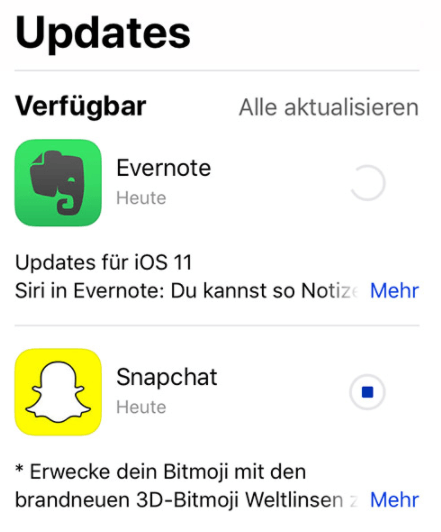 Genau wie ich in Teil 1 erwähnt habe, müssen Sie auch nach App-Updates suchen, um das Problem zu vermeiden, dass sich Ihr iPad ständig ein- und ausschaltet. Gehen Sie zu App-Store > Scrollen Sie nach unten und tippen auf Updates > Tippen Sie auf Update, um eine einzelne App zu aktualisieren. Sie können auch oben rechts auf dem Bildschirm auf Alle aktualisieren tippen, um alle Apps auf einmal zu aktualisieren.
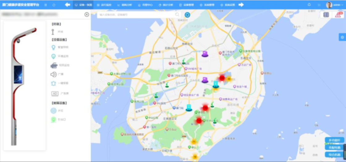 ★GIS一張圖,設備總覽,集中展示步道設備的分布情況。
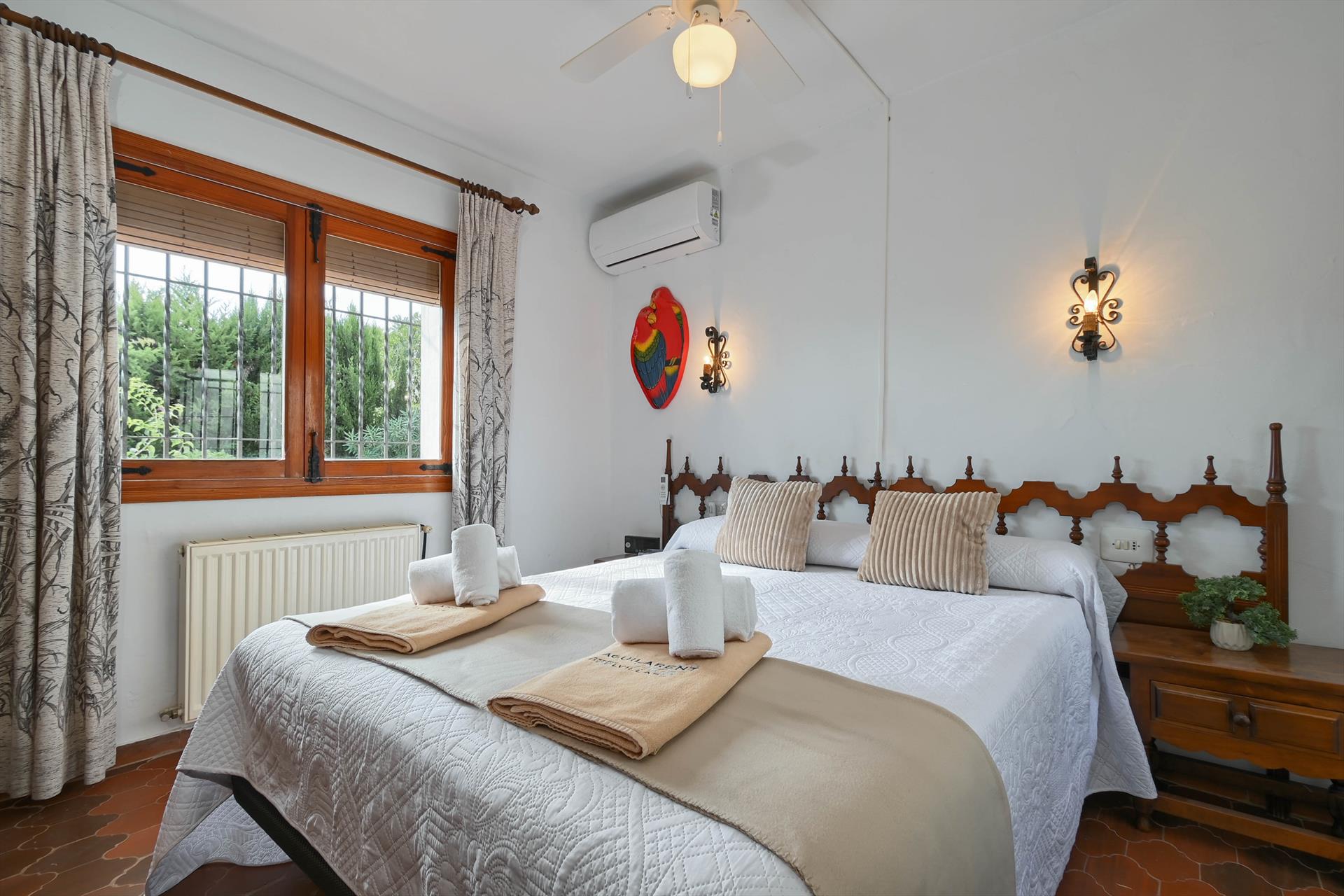 • dormitorio con aire acondicionado, cama doble y ventilador
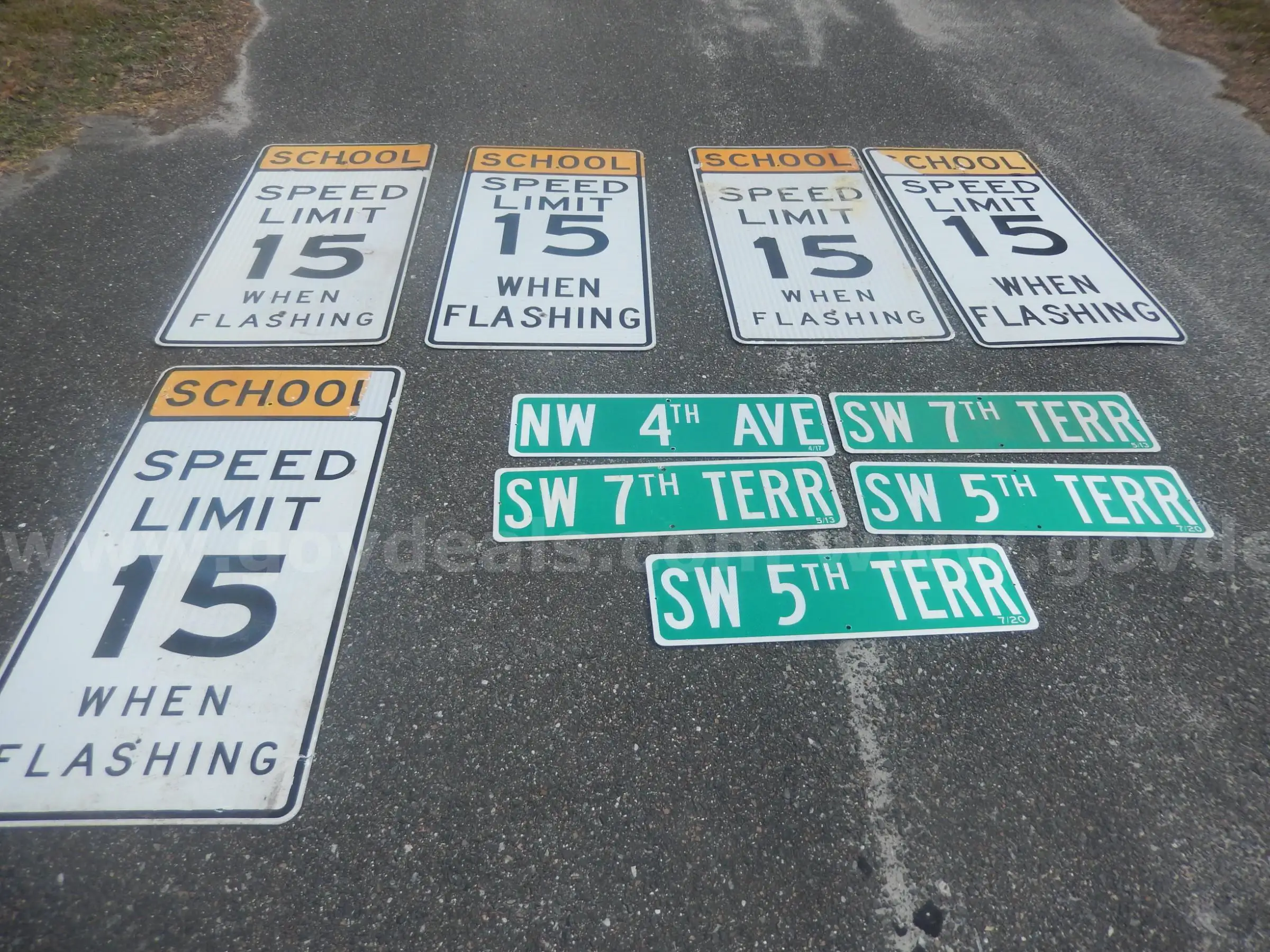 | Item: | USED (5) SCHOOL 15 SPEED LIMIT SIGNS (5) STREET SIGNS |

#### What the exercise asks
Please print all the data above word for word. Pictures should not appear in the copy.

#### Solution for this task
 Genau wie ich in Teil 1 erwähnt habe, müssen Sie auch nach App-Updates suchen, um das Problem zu vermeiden, dass sich Ihr iPad ständig ein- und ausschaltet. Gehen Sie zu App-Store > Scrollen Sie nach unten und tippen auf Updates > Tippen Sie auf Update, um eine einzelne App zu aktualisieren. Sie können auch oben rechts auf dem Bildschirm auf Alle aktualisieren tippen, um alle Apps auf einmal zu aktualisieren.
 ★GIS一張圖,設備總覽,集中展示步道設備的分布情況。
 • dormitorio con aire acondicionado, cama doble y ventilador
 | Item: | USED (5) SCHOOL 15 SPEED LIMIT SIGNS (5) STREET SIGNS |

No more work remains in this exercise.